昨日送られてきたヨーロッパインプラント学会EAOの雑誌Clinical Implant Researchを読んでいたら面白い記事を見つけたのでご紹介。

歯科医の仕事は失われた口腔機能の回復なので入れ歯の型を取ったり削ってかぶせる補綴物の型を取るのが日常の主な仕事になっています。

精密に取った歯型(印象と言います)に石膏を注いで硬化したらその模型の上で歯科技工士が入れ歯やクラウン、インレーを指輪を作るのと同じやり方で鋳造し製作していきます。

ところが最近ではその方法が激変し、口腔内をデジタルカメラで撮影しミリングマシンでジルコニアなどの硬くて審美的な材料のブロックを精密に削り出すやり方に替わってきました。

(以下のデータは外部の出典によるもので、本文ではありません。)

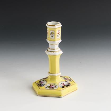 Sechseckiger Leuchter mit mehrfach gegliedertem Schaft und Tülle. Gelber Fond mir sechs Ovalkartuschen, darin alternierend Kauffahrteimalerei und Blumenbuketts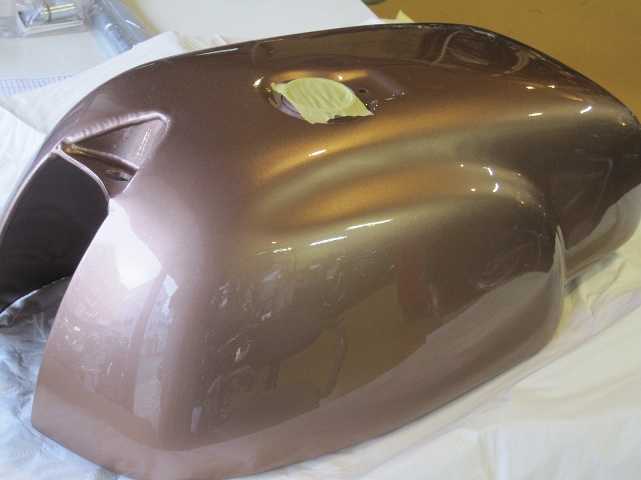 フュエルタンクの板金塗装。

当院にも設置してあるドイツ製のセレックのようなものです。

面倒な型どりやら石膏注ぎやワックスアップ鋳造などの一連の技工操作をすべて省略し清潔に精密に出来るのは術者にも患者にも大いにありがたい方法と言えます。

しかし本当に精度は両者で変わらないのかあるいはどちらかがより優れているのかはメーカー宣伝を除き不明でした。

そこでハーバード大学のLeeらが従来法とCAD,CAMを使った両者を比較してみた実験結果を発表しています。

それによると両者の差はほとんどなく口腔内カメラで撮影した画像をもとにデジタル印象を取った補綴物は従来法と差がないことが証明されたそうです。

ただし細かい歯の溝の再現性はまだ従来法に分があるということで、これからの改善点になるようです。

歯科医院に技工室を作るとワックスの焼却などでガスが発生して注意しないと職場環境が悪化します。

小生のところでもそれを考えて最初から技工室は作らずすべて外注にいたしました。

おかげで綺麗な空気で毎日診療出来ています。

ただしデジタル処理して作る補綴物はほとんどが保険外診療となるため費用が発生するのは避けられません。

審美治療でアレルギーの元となりうる金属を使わず行くのか、従来法で銀合金で行くのかは患者さん一人ひとりの選択となっているのです。